EXERCISE PROMPT ▸
From the first line to the last, give the material again exactly, without the images.

DATA ▸
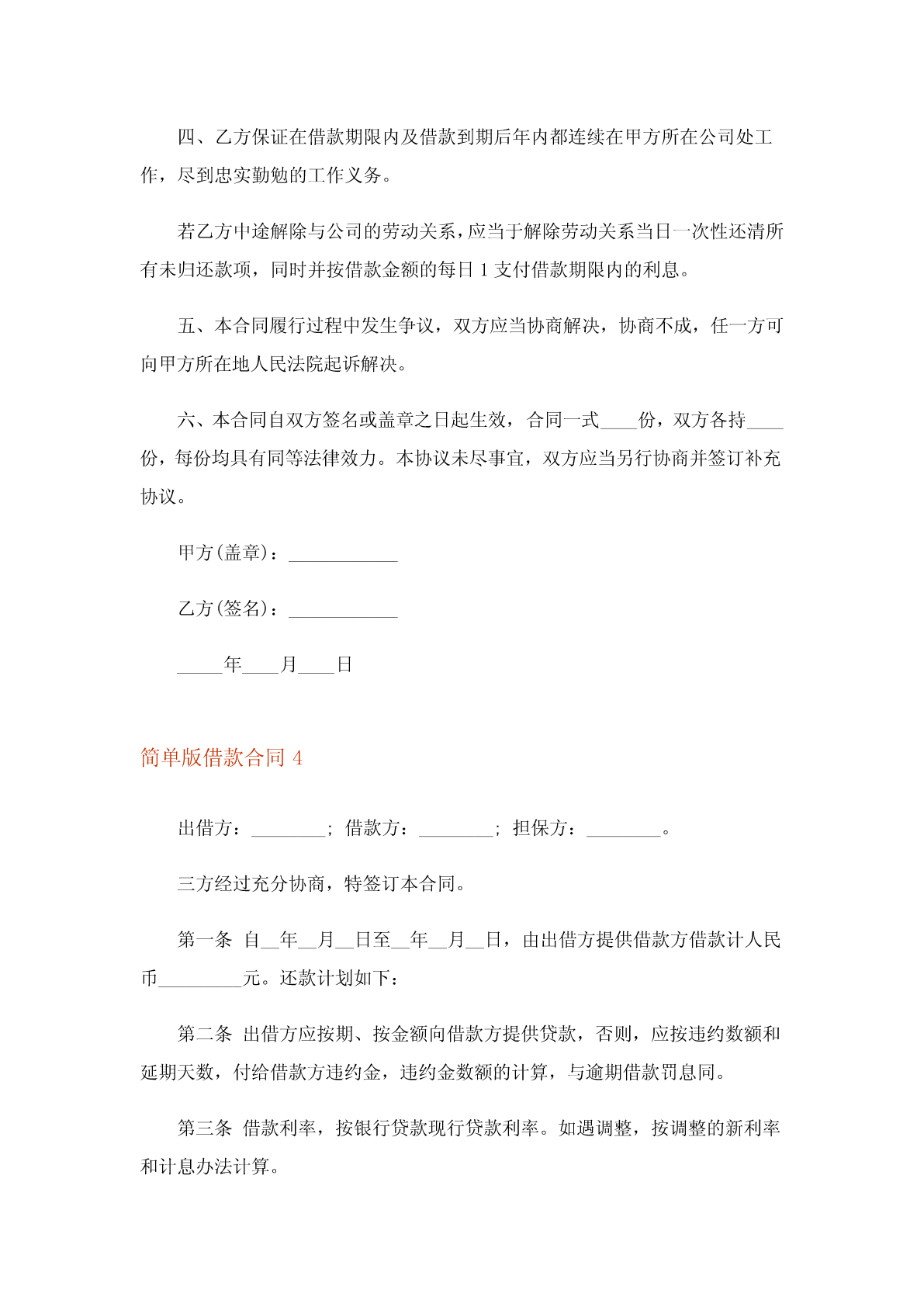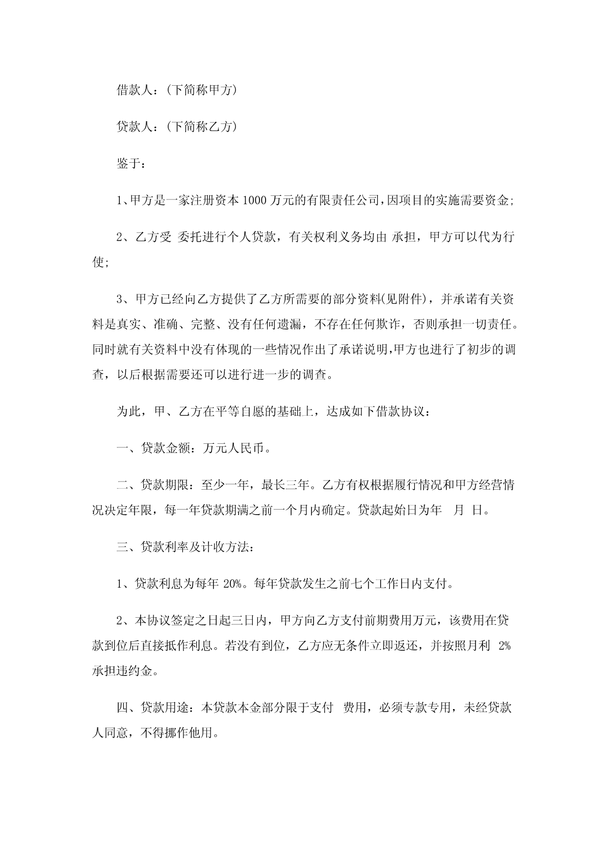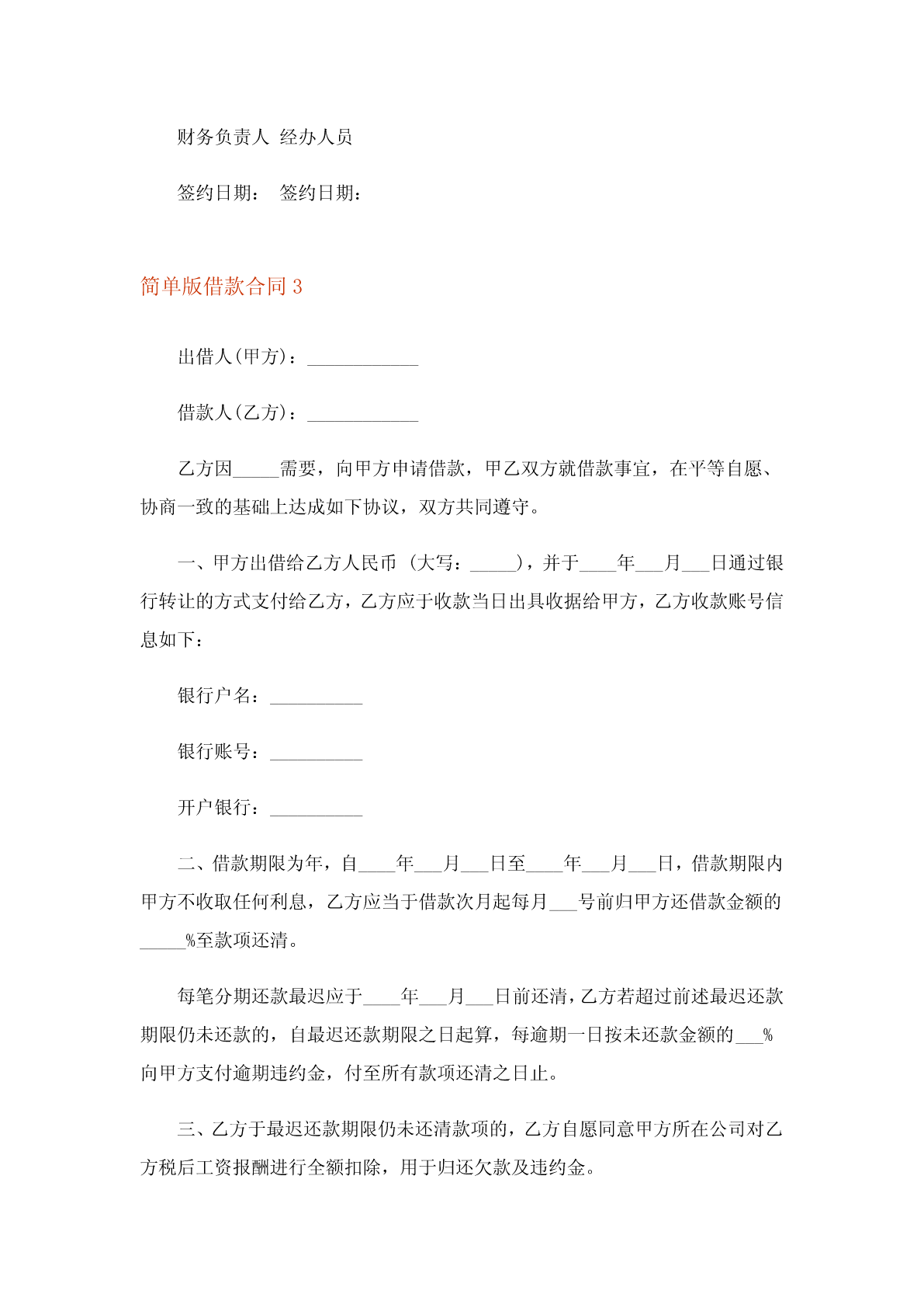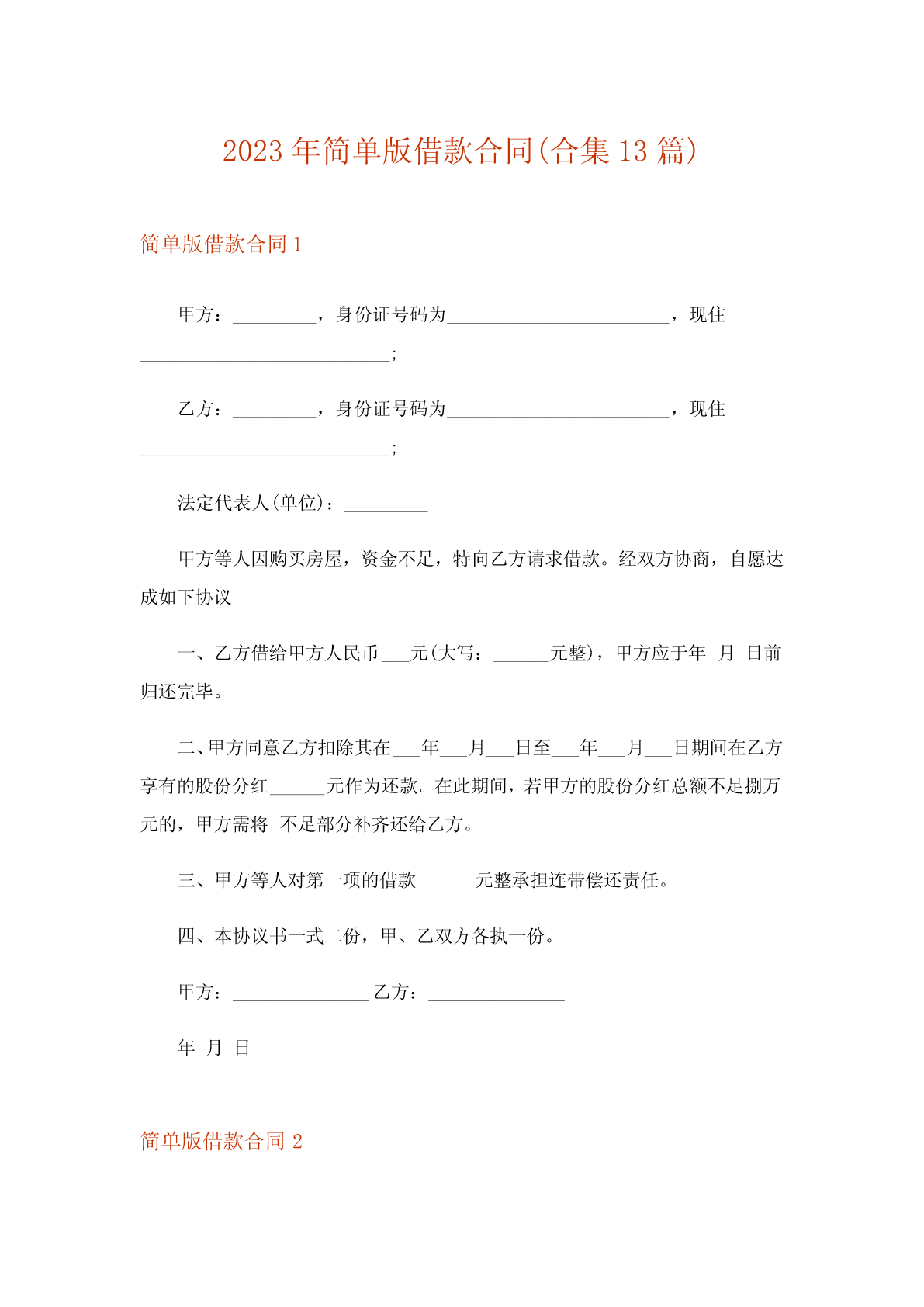 2023年简单版借款合同(合集13篇)简单版借款合同1甲方:_________,身份证号码为________________________,现住___________________________;乙方:_________,身份证号码为________________________,现住___________________________;法定代表人(单位):_________甲方等人因购买房屋,资金不足,特向乙方请求借款。经双方协商,自愿达成如下协议一、乙方借给甲方人民币___元(大写:______元整),甲方应于年月日前归还完毕。二、甲方同意乙方扣除其在___年___月___日至___年___月___日期间在乙方享有的股份分红______元作为还款。在此期间,若甲方的股份分红总额不足捌万元的,甲方需将不足部分补齐还给乙方。三、甲方等人对第一项的借款______元整承担连带偿还责任。四、本协议书一式二份,甲、乙双方各执一份。甲方:_______________乙方:_______________年月日简单版借款合同2借款人:(下简称甲方)贷款人:(下简称乙方)鉴于:1、甲方是一家注册资本1000万元的有限责任公司,因项目的实施需要资金;2、乙方受委托进行个人贷款,有关权利义务均由承担,甲方可以代为行使;3、甲方已经向乙方提供了乙方所需要的部分资料(见附件),并承诺有关资料是真实、准确、完整、没有任何遗漏,不存在任何欺诈,否则承担一切责任。同时就有关资料中没有体现的一些情况作出了承诺说明,甲方也进行了初步的调查,以后根据需要还可以进行进一步的调查。为此,甲、乙方在平等自愿的基础上,达成如下借款协议:一、贷款金额:万元人民币。二、贷款期限:至少一年,最长三年。乙方有权根据履行情况和甲方经营情况决定年限,每一年贷款期满之前一个月内确定。贷款起始日为年月日。三、贷款利率及计收方法:1、贷款利息为每年20%。每年贷款发生之前七个工作日内支付。2、本协议签定之日起三日内,甲方向乙方支付前期费用万元,该费用在贷款到位后直接抵作利息。若没有到位,乙方应无条件立即返还,并按照月利2%承担违约金。四、贷款用途:本贷款本金部分限于支付费用,必须专款专用,未经贷款人同意,不得挪作他用。五、贷款使用:本合同签订之日起三个月内,甲方应将其签订的有关甲方买卖等重要合同六、贷款偿还:如借款人不能按期还款,最迟在贷款到期前十五天应向贷款人提出书面展期申请,届时贷款人可按有关规定作出处理意见。逾期或贷款人不同意展期的贷款,自过期之日起,加收20%~50%的罚息。为有利于还款,借款人应在贷款人处开立还款准备金帐户,将用于还款的人民币资金先予存入,待外汇额度落实后再结汇偿还贷款。七、还款担保:本合同项下的贷款本息由作为借款人的担保人,并由担保人向贷款人出具担保函,作为本合同不可分割的组成部分。一旦借款人不能按期偿还贷款本息,经贷款人发出书面通知,由担保单位承担还本付息责任。本贷款项下有关进出口结算业务,应通过中国银行进出口业务部叙做。八、违约和违约处理:(一)下列情况均属借款人违约:1.借款人未能按合同计划用款和还本付息。2.未经贷款人同意改变贷款用途或挪作他用。3.未经贷款人同意借款人私自转卖用贷款购置的物品。4.借款人违反本合同其他条款事项。(二)根据违约情况,贷款人有权采取下列措施:1.注销借款人未使用的贷款。2.对违约部分贷款加收最高为50%的罚息。3.冻结借款人在贷款人处的存款,并追回贷款。4.向贷款担保人追索贷款。5.借款人和担保人未能履行合同还款责任时,贷款人有权从借款人和担保人在各金融单位存款帐户中主动扣收还贷款项。6.采取其他必要手段直至依法索偿应付未付贷款本息及费用。九、合同生效:本合同经双方签字盖章后生效。本合同共四份,双方各执两份。本合同若有其他未及事宜,双方进一步商定补充条款。借款人(盖章)贷款人(盖章)企业负责人银行负责人财务负责人经办人员签约日期:签约日期:简单版借款合同3出借人(甲方):____________借款人(乙方):____________乙方因_____需要,向甲方申请借款,甲乙双方就借款事宜,在平等自愿、协商一致的基础上达成如下协议,双方共同遵守。一、甲方出借给乙方人民币(大写:_____),并于____年___月___日通过银行转让的方式支付给乙方,乙方应于收款当日出具收据给甲方,乙方收款账号信息如下:银行户名:__________银行账号:__________开户银行:__________二、借款期限为年,自____年___月___日至____年___月___日,借款期限内甲方不收取任何利息,乙方应当于借款次月起每月___号前归甲方还借款金额的_____%至款项还清。每笔分期还款最迟应于____年___月_
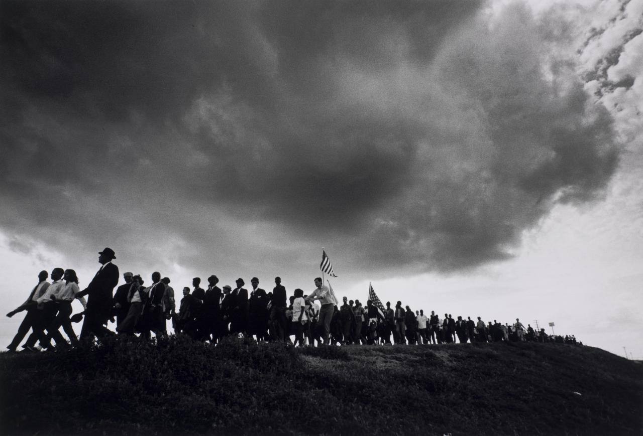 DescriptionImage of a crowd walking along a hill top and holding American flag.Copyright© Estate of James Karales
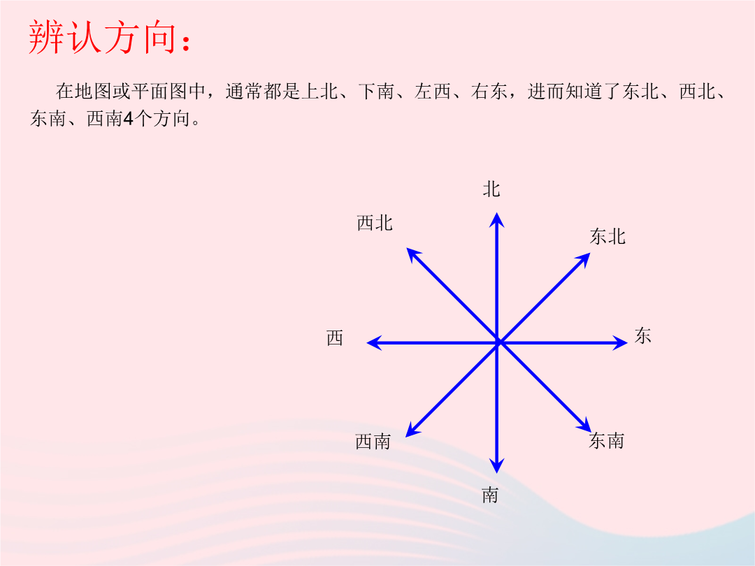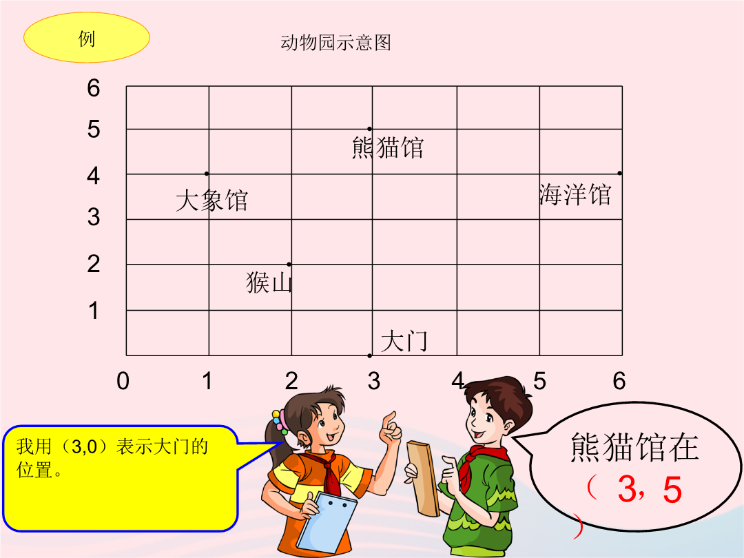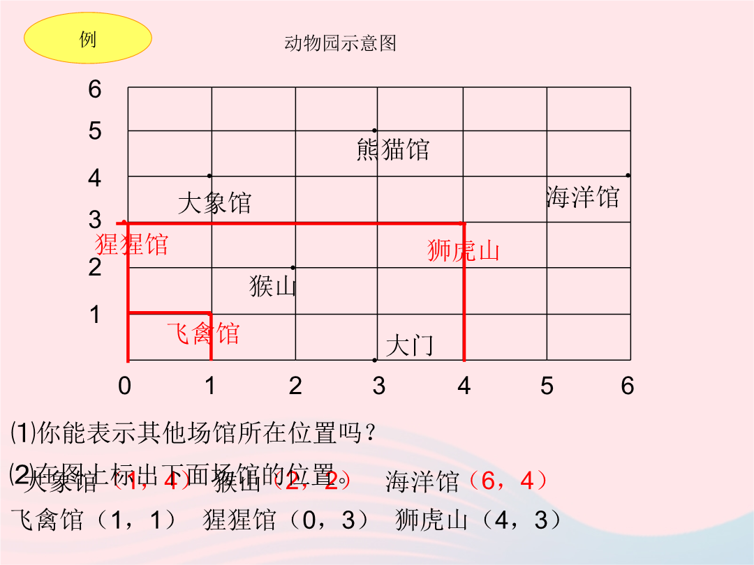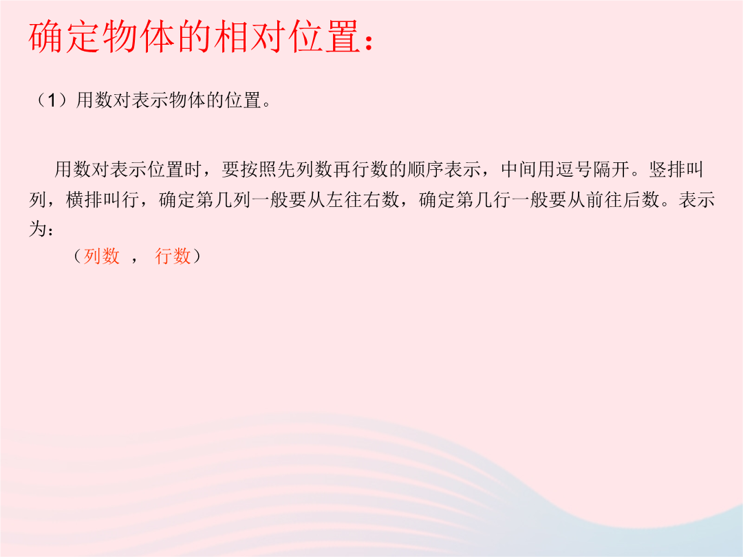 整理与复习辨认方向:确定物体的相对位置:确定物体的相对位置:观察上图。学校在小明家()偏()()的方向上,距离约是()。课⑴用数对表示物体的位置,要先确定(),再确定()。⑷刘强和王兵在教室里的位置可以用点(4,1)和点(2,7)表示,(4,1)中的4表示第4列,则1表示(),(2,7)表明王兵坐在第()列第()行。

RESPONSE TO THIS TASK ▸
 2023年简单版借款合同(合集13篇)简单版借款合同1甲方:_________,身份证号码为________________________,现住___________________________;乙方:_________,身份证号码为________________________,现住___________________________;法定代表人(单位):_________甲方等人因购买房屋,资金不足,特向乙方请求借款。经双方协商,自愿达成如下协议一、乙方借给甲方人民币___元(大写:______元整),甲方应于年月日前归还完毕。二、甲方同意乙方扣除其在___年___月___日至___年___月___日期间在乙方享有的股份分红______元作为还款。在此期间,若甲方的股份分红总额不足捌万元的,甲方需将不足部分补齐还给乙方。三、甲方等人对第一项的借款______元整承担连带偿还责任。四、本协议书一式二份,甲、乙双方各执一份。甲方:_______________乙方:_______________年月日简单版借款合同2借款人:(下简称甲方)贷款人:(下简称乙方)鉴于:1、甲方是一家注册资本1000万元的有限责任公司,因项目的实施需要资金;2、乙方受委托进行个人贷款,有关权利义务均由承担,甲方可以代为行使;3、甲方已经向乙方提供了乙方所需要的部分资料(见附件),并承诺有关资料是真实、准确、完整、没有任何遗漏,不存在任何欺诈,否则承担一切责任。同时就有关资料中没有体现的一些情况作出了承诺说明,甲方也进行了初步的调查,以后根据需要还可以进行进一步的调查。为此,甲、乙方在平等自愿的基础上,达成如下借款协议:一、贷款金额:万元人民币。二、贷款期限:至少一年,最长三年。乙方有权根据履行情况和甲方经营情况决定年限,每一年贷款期满之前一个月内确定。贷款起始日为年月日。三、贷款利率及计收方法:1、贷款利息为每年20%。每年贷款发生之前七个工作日内支付。2、本协议签定之日起三日内,甲方向乙方支付前期费用万元,该费用在贷款到位后直接抵作利息。若没有到位,乙方应无条件立即返还,并按照月利2%承担违约金。四、贷款用途:本贷款本金部分限于支付费用,必须专款专用,未经贷款人同意,不得挪作他用。五、贷款使用:本合同签订之日起三个月内,甲方应将其签订的有关甲方买卖等重要合同六、贷款偿还:如借款人不能按期还款,最迟在贷款到期前十五天应向贷款人提出书面展期申请,届时贷款人可按有关规定作出处理意见。逾期或贷款人不同意展期的贷款,自过期之日起,加收20%~50%的罚息。为有利于还款,借款人应在贷款人处开立还款准备金帐户,将用于还款的人民币资金先予存入,待外汇额度落实后再结汇偿还贷款。七、还款担保:本合同项下的贷款本息由作为借款人的担保人,并由担保人向贷款人出具担保函,作为本合同不可分割的组成部分。一旦借款人不能按期偿还贷款本息,经贷款人发出书面通知,由担保单位承担还本付息责任。本贷款项下有关进出口结算业务,应通过中国银行进出口业务部叙做。八、违约和违约处理:(一)下列情况均属借款人违约:1.借款人未能按合同计划用款和还本付息。2.未经贷款人同意改变贷款用途或挪作他用。3.未经贷款人同意借款人私自转卖用贷款购置的物品。4.借款人违反本合同其他条款事项。(二)根据违约情况,贷款人有权采取下列措施:1.注销借款人未使用的贷款。2.对违约部分贷款加收最高为50%的罚息。3.冻结借款人在贷款人处的存款,并追回贷款。4.向贷款担保人追索贷款。5.借款人和担保人未能履行合同还款责任时,贷款人有权从借款人和担保人在各金融单位存款帐户中主动扣收还贷款项。6.采取其他必要手段直至依法索偿应付未付贷款本息及费用。九、合同生效:本合同经双方签字盖章后生效。本合同共四份,双方各执两份。本合同若有其他未及事宜,双方进一步商定补充条款。借款人(盖章)贷款人(盖章)企业负责人银行负责人财务负责人经办人员签约日期:签约日期:简单版借款合同3出借人(甲方):____________借款人(乙方):____________乙方因_____需要,向甲方申请借款,甲乙双方就借款事宜,在平等自愿、协商一致的基础上达成如下协议,双方共同遵守。一、甲方出借给乙方人民币(大写:_____),并于____年___月___日通过银行转让的方式支付给乙方,乙方应于收款当日出具收据给甲方,乙方收款账号信息如下:银行户名:__________银行账号:__________开户银行:__________二、借款期限为年,自____年___月___日至____年___月___日,借款期限内甲方不收取任何利息,乙方应当于借款次月起每月___号前归甲方还借款金额的_____%至款项还清。每笔分期还款最迟应于____年___月_
 DescriptionImage of a crowd walking along a hill top and holding American flag.Copyright© Estate of James Karales
 整理与复习辨认方向:确定物体的相对位置:确定物体的相对位置:观察上图。学校在小明家()偏()()的方向上,距离约是()。课⑴用数对表示物体的位置,要先确定(),再确定()。⑷刘强和王兵在教室里的位置可以用点(4,1)和点(2,7)表示,(4,1)中的4表示第4列,则1表示(),(2,7)表明王兵坐在第()列第()行。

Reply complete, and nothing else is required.